* **Provided data**
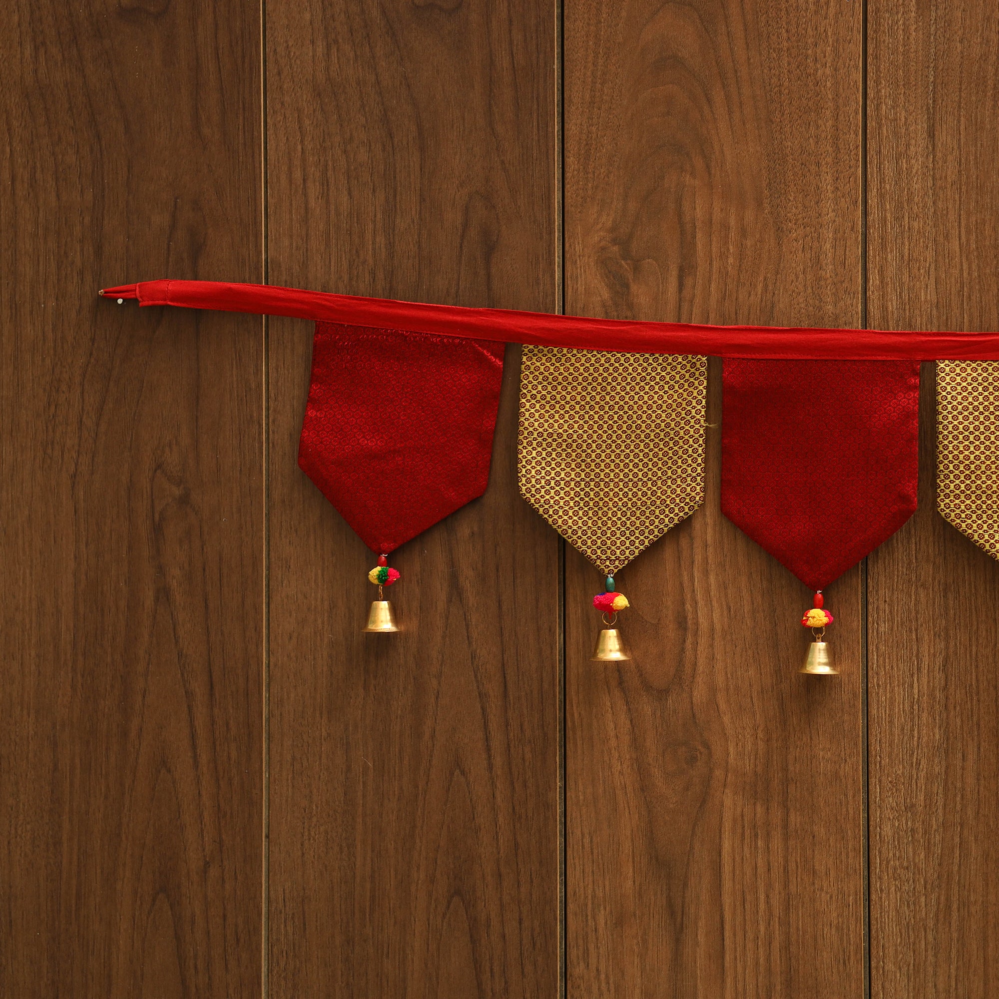 Celebrate with this handcrafted fabric toran, created by skilled artisans and decorated with beads and vibrant pom-poms. Designed to spread festive cheer, it brightens your doorway with a colorful touch. Perfect for special occasions or daily decor, this piece gracefully combines tradition with artistry.
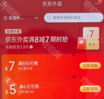 2、输入后点击搜索,这时我们就会来到京东外卖的优惠券领取页面,点击后方的立即领取即可
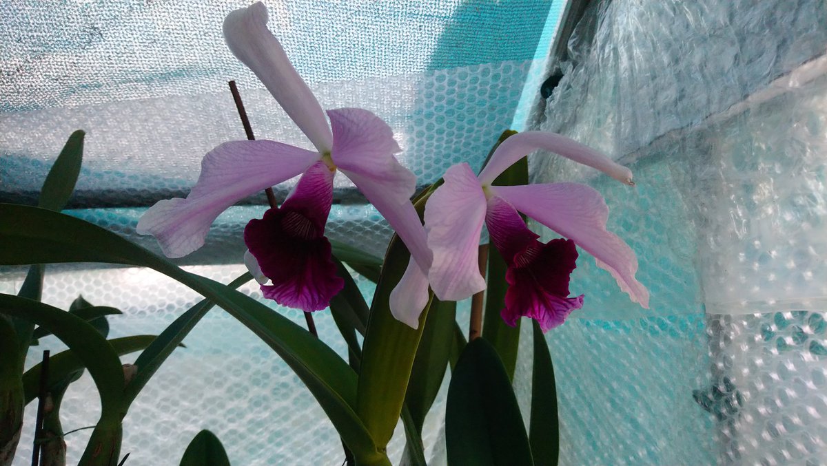 Cattleya purpurata, a favourite for mine unfortunately only two buds this year hopefully next year it will be back to to it four flowers.
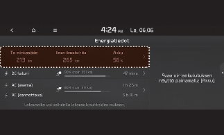 Valitse näytöllä ”EV → Energy information (Energiatiedot)→ Driving range, battery’ (ajoalue, akku).

* **Activity**
Write out the material above again, word for word, minus its pictures.

* **Solution for this task**
 Celebrate with this handcrafted fabric toran, created by skilled artisans and decorated with beads and vibrant pom-poms. Designed to spread festive cheer, it brightens your doorway with a colorful touch. Perfect for special occasions or daily decor, this piece gracefully combines tradition with artistry.
 2、输入后点击搜索,这时我们就会来到京东外卖的优惠券领取页面,点击后方的立即领取即可
 Cattleya purpurata, a favourite for mine unfortunately only two buds this year hopefully next year it will be back to to it four flowers.
 Valitse näytöllä ”EV → Energy information (Energiatiedot)→ Driving range, battery’ (ajoalue, akku).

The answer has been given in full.